> _The task_: Transcribe the entries that come next exactly, but not the pictures they contain.

> _Input data_:
=-=-=
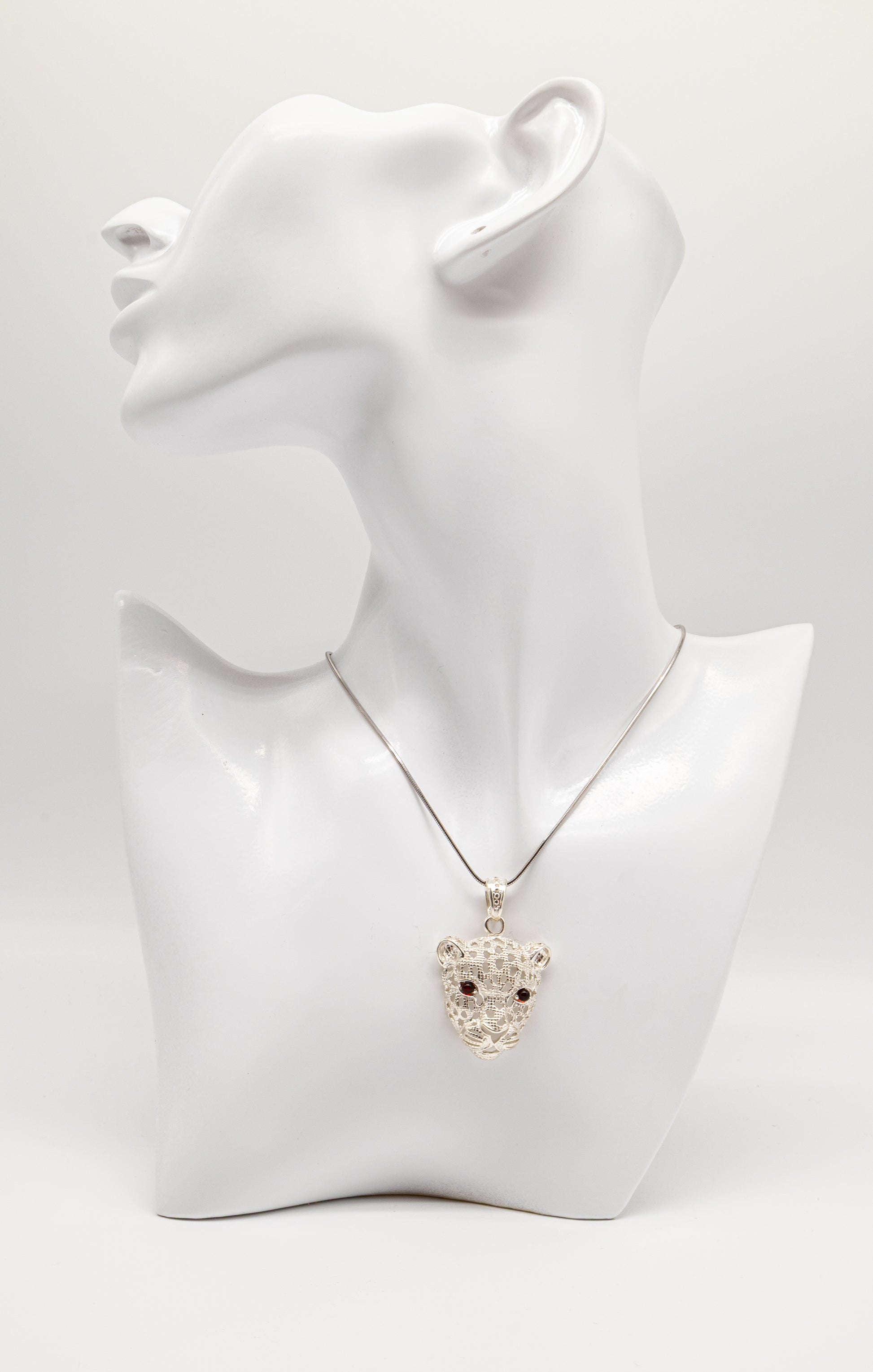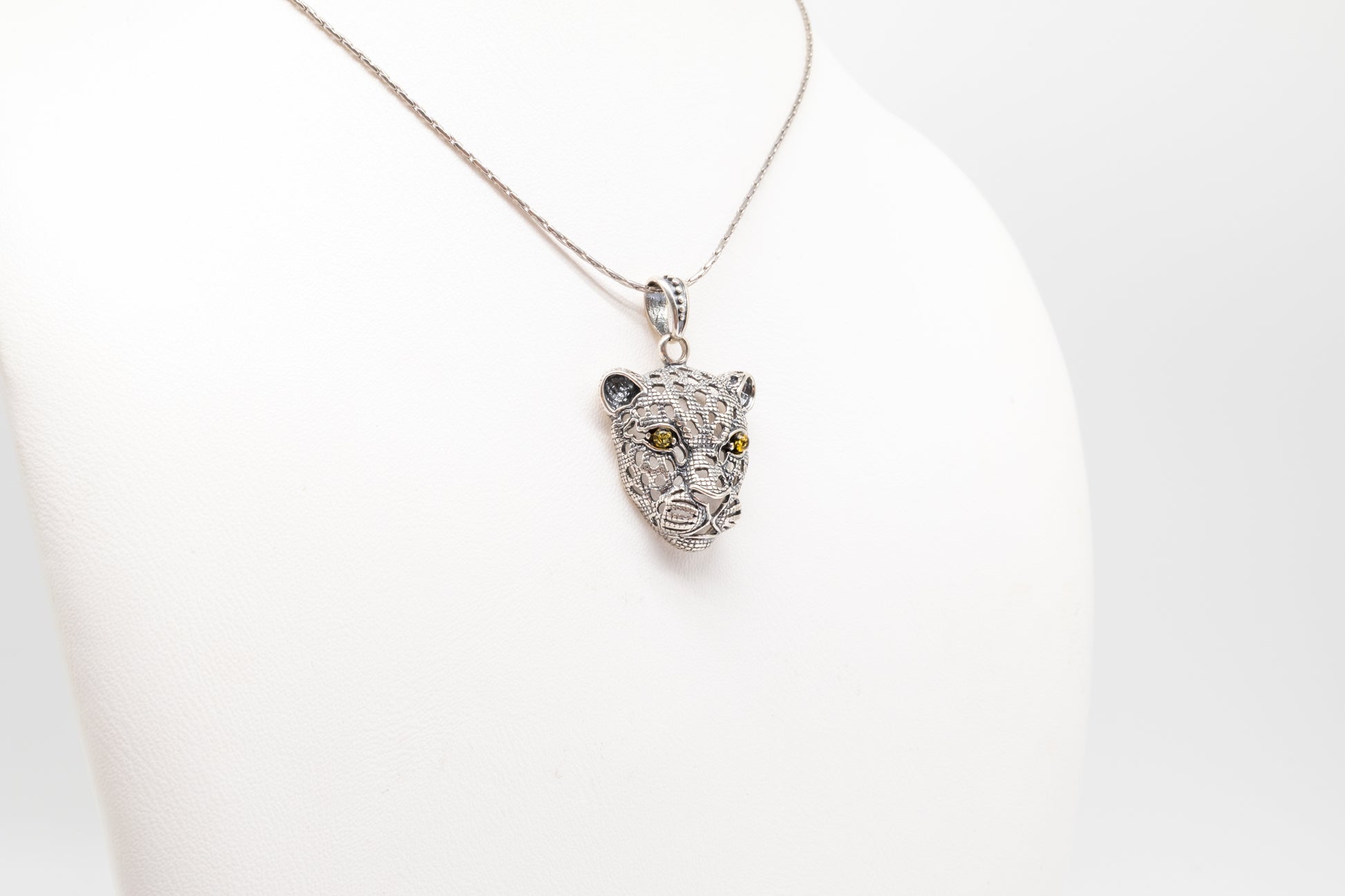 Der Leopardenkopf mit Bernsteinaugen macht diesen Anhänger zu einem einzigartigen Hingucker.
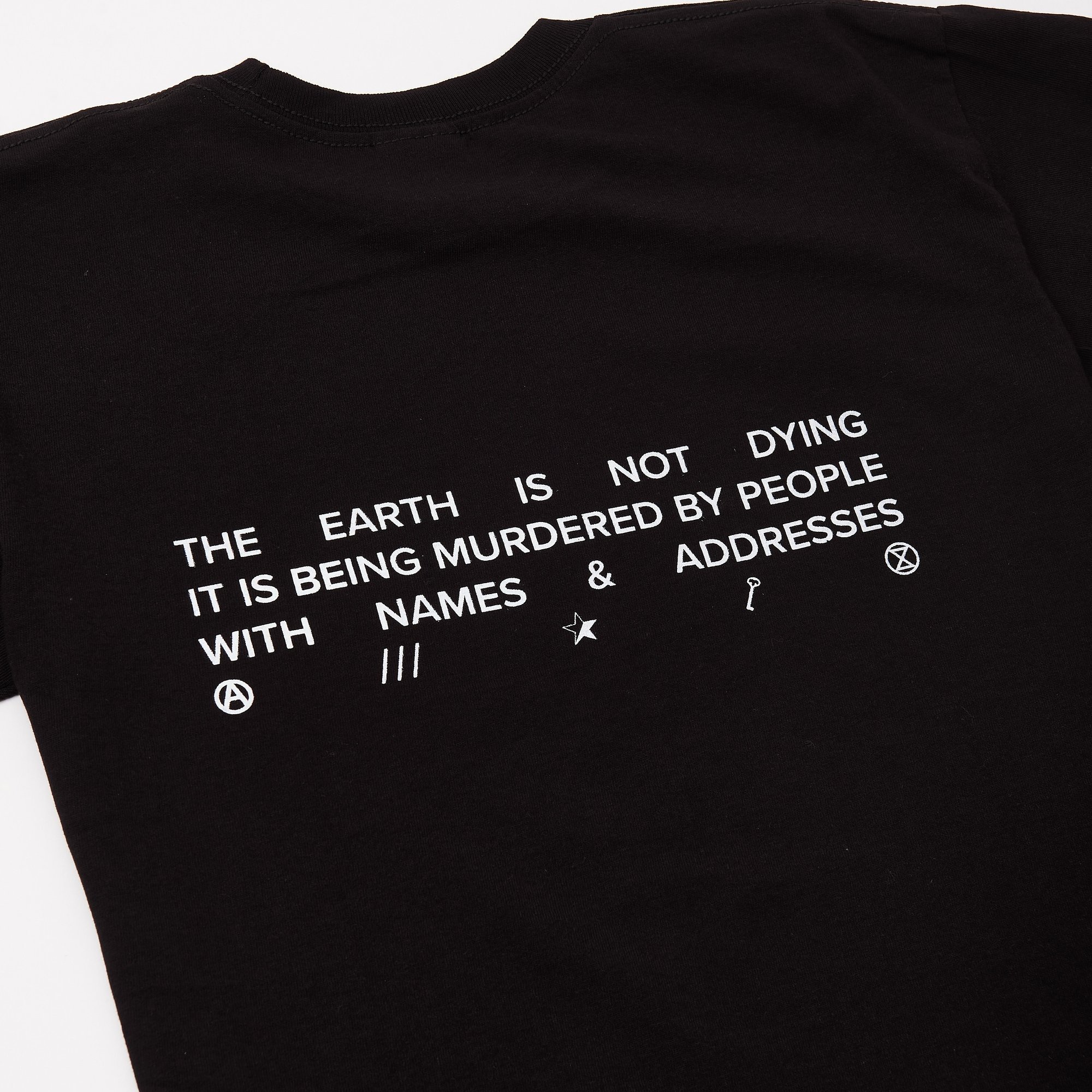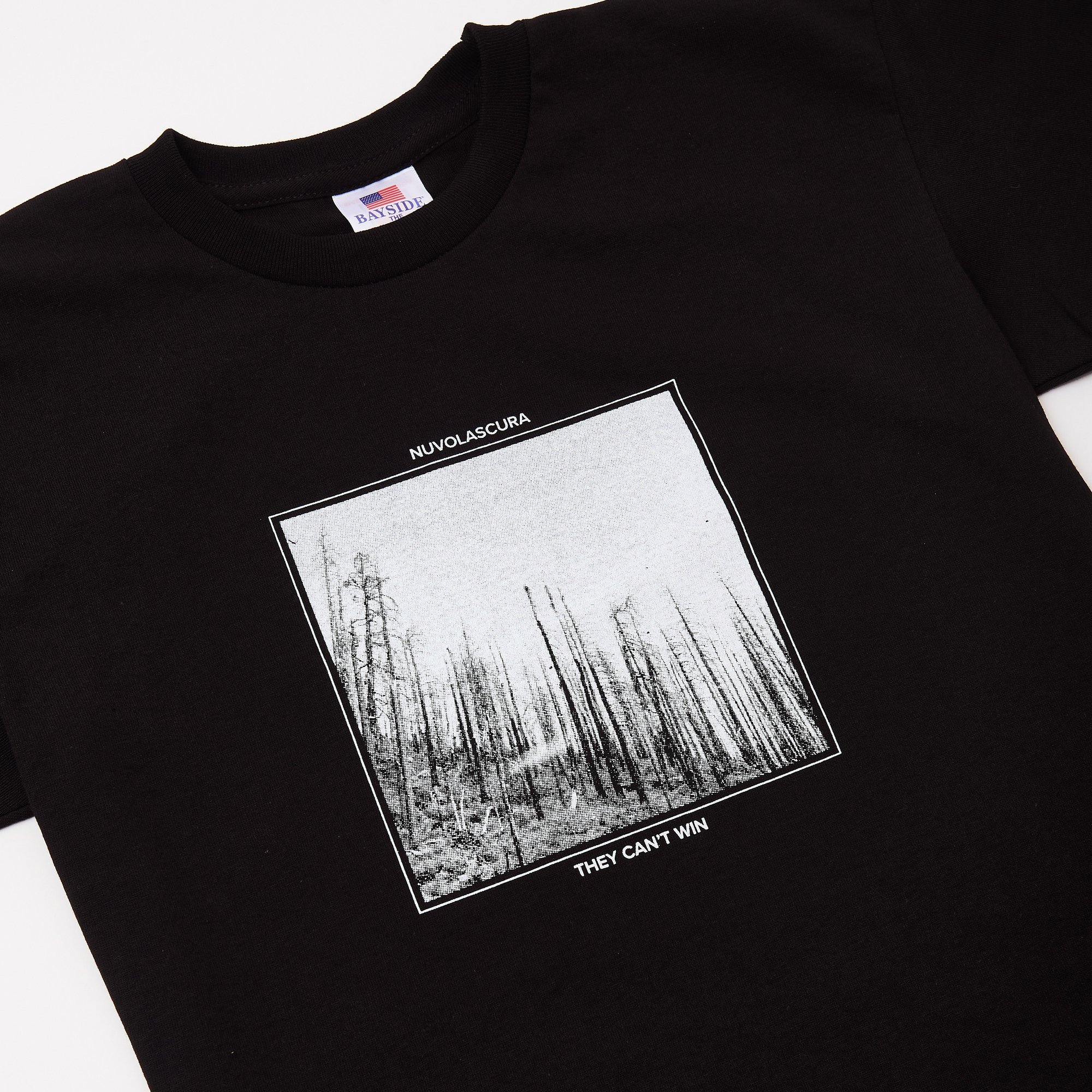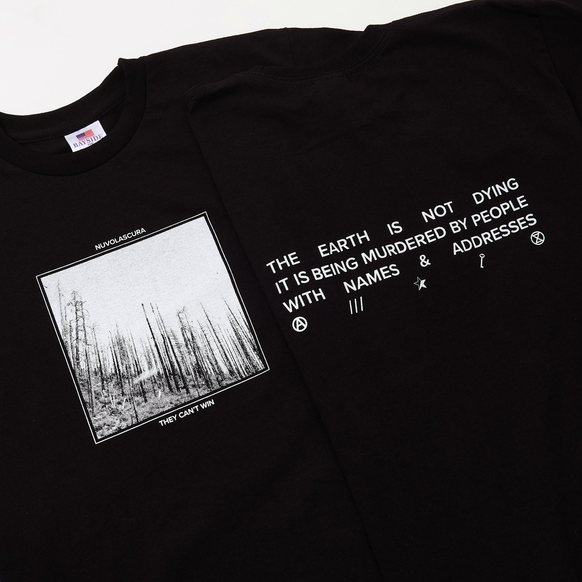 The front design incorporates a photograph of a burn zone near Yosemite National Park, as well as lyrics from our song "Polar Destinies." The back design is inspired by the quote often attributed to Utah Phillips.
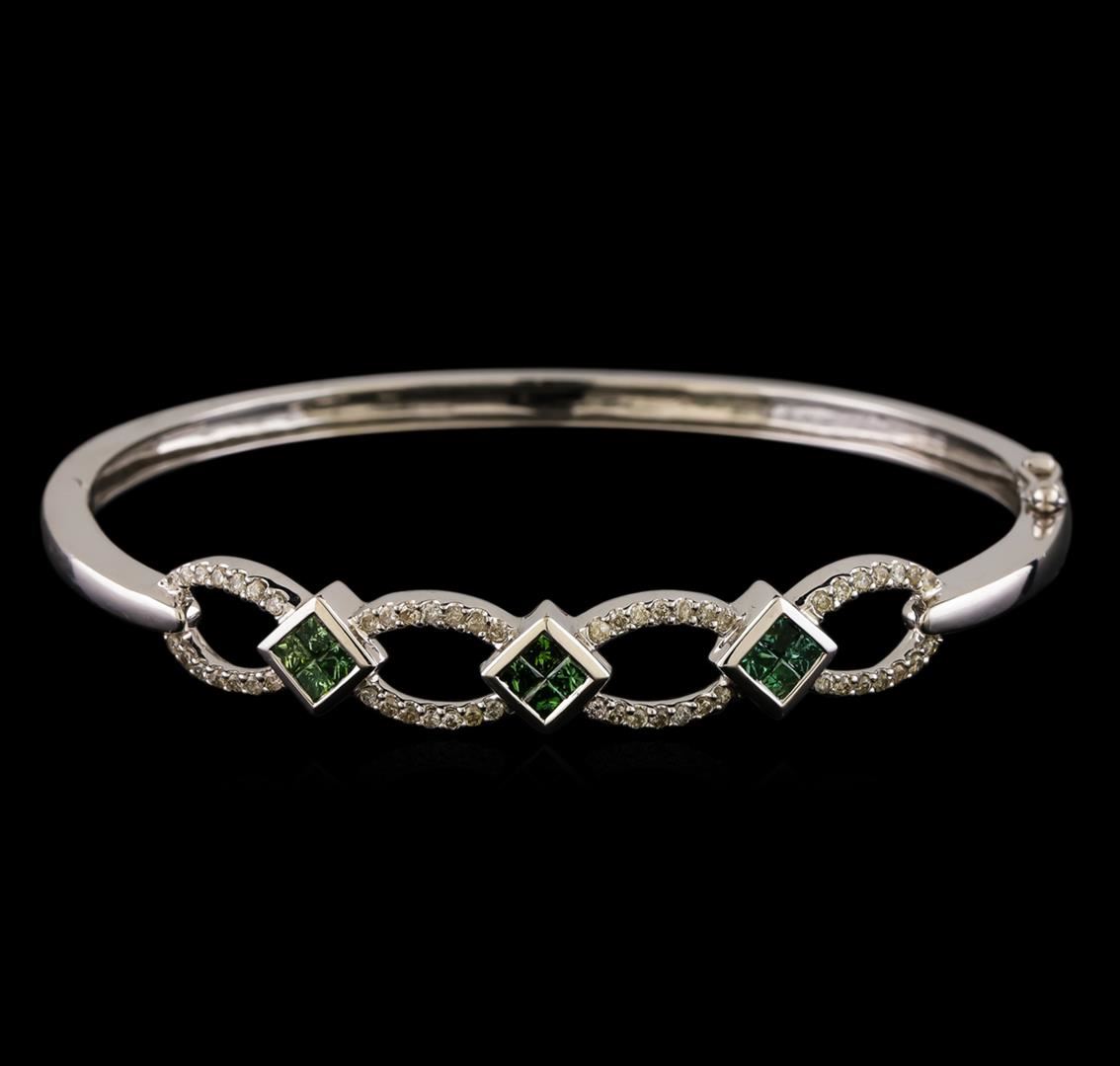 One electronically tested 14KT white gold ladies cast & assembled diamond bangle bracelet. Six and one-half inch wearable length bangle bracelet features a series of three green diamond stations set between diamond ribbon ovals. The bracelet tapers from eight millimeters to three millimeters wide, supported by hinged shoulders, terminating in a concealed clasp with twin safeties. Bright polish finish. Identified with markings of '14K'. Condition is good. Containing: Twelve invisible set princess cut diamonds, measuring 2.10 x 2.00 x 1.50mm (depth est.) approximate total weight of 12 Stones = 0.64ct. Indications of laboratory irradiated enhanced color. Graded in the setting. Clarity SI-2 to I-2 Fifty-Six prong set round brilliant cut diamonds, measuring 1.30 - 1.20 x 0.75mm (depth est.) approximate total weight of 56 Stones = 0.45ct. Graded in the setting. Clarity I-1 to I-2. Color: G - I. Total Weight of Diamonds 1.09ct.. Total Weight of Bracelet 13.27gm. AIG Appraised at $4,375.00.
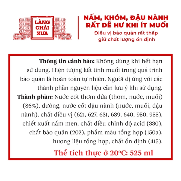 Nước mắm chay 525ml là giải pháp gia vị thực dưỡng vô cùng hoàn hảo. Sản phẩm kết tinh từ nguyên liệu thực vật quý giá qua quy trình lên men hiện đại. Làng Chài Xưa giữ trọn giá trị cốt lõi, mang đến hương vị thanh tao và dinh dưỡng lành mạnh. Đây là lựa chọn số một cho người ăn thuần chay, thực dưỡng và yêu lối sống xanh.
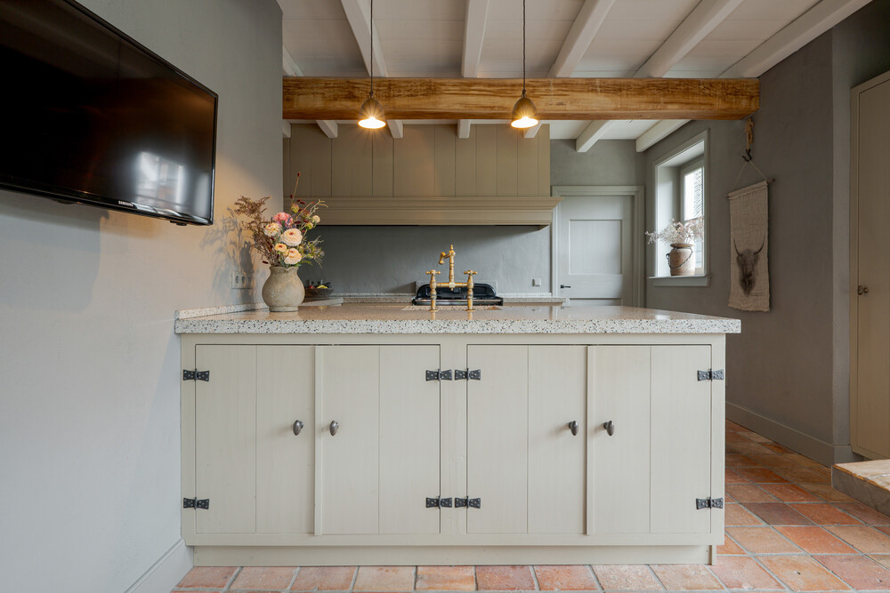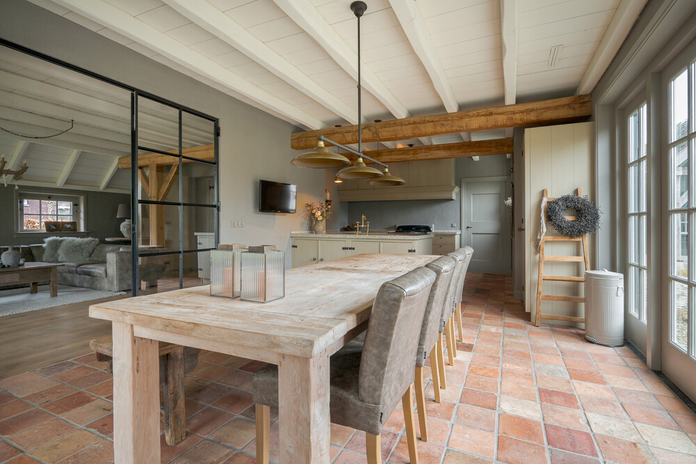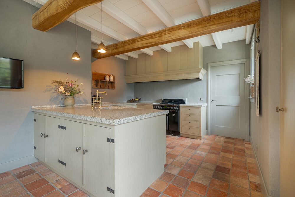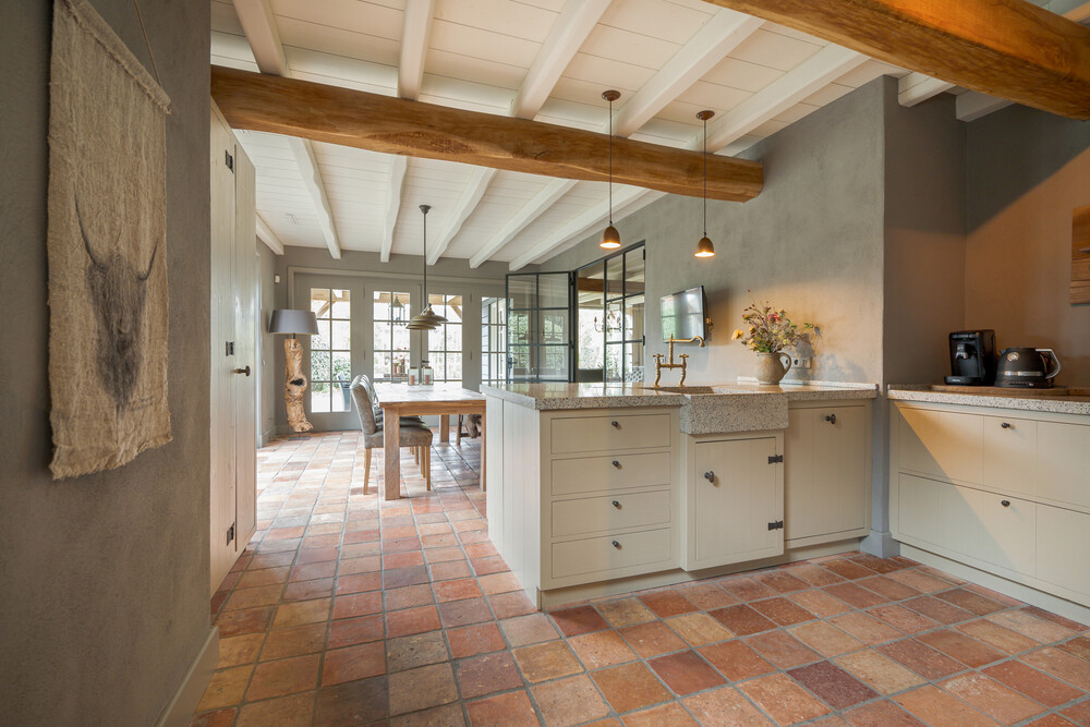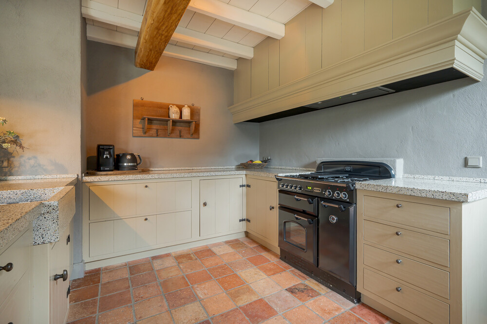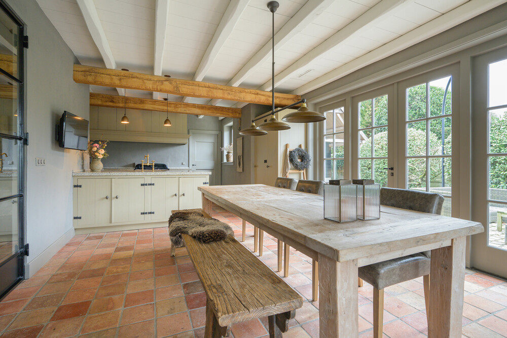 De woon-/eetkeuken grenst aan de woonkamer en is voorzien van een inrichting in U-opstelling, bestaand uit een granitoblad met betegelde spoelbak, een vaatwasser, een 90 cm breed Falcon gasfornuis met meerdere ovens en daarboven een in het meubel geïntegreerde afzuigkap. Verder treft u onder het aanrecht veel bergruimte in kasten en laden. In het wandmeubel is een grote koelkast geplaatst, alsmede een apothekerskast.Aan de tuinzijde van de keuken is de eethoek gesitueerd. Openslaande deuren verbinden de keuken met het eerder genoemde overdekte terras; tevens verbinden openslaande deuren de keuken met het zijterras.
=-=-=
> _Final answer_:
 Der Leopardenkopf mit Bernsteinaugen macht diesen Anhänger zu einem einzigartigen Hingucker.
 The front design incorporates a photograph of a burn zone near Yosemite National Park, as well as lyrics from our song "Polar Destinies." The back design is inspired by the quote often attributed to Utah Phillips.
 One electronically tested 14KT white gold ladies cast & assembled diamond bangle bracelet. Six and one-half inch wearable length bangle bracelet features a series of three green diamond stations set between diamond ribbon ovals. The bracelet tapers from eight millimeters to three millimeters wide, supported by hinged shoulders, terminating in a concealed clasp with twin safeties. Bright polish finish. Identified with markings of '14K'. Condition is good. Containing: Twelve invisible set princess cut diamonds, measuring 2.10 x 2.00 x 1.50mm (depth est.) approximate total weight of 12 Stones = 0.64ct. Indications of laboratory irradiated enhanced color. Graded in the setting. Clarity SI-2 to I-2 Fifty-Six prong set round brilliant cut diamonds, measuring 1.30 - 1.20 x 0.75mm (depth est.) approximate total weight of 56 Stones = 0.45ct. Graded in the setting. Clarity I-1 to I-2. Color: G - I. Total Weight of Diamonds 1.09ct.. Total Weight of Bracelet 13.27gm. AIG Appraised at $4,375.00.
 Nước mắm chay 525ml là giải pháp gia vị thực dưỡng vô cùng hoàn hảo. Sản phẩm kết tinh từ nguyên liệu thực vật quý giá qua quy trình lên men hiện đại. Làng Chài Xưa giữ trọn giá trị cốt lõi, mang đến hương vị thanh tao và dinh dưỡng lành mạnh. Đây là lựa chọn số một cho người ăn thuần chay, thực dưỡng và yêu lối sống xanh.
 De woon-/eetkeuken grenst aan de woonkamer en is voorzien van een inrichting in U-opstelling, bestaand uit een granitoblad met betegelde spoelbak, een vaatwasser, een 90 cm breed Falcon gasfornuis met meerdere ovens en daarboven een in het meubel geïntegreerde afzuigkap. Verder treft u onder het aanrecht veel bergruimte in kasten en laden. In het wandmeubel is een grote koelkast geplaatst, alsmede een apothekerskast.Aan de tuinzijde van de keuken is de eethoek gesitueerd. Openslaande deuren verbinden de keuken met het eerder genoemde overdekte terras; tevens verbinden openslaande deuren de keuken met het zijterras.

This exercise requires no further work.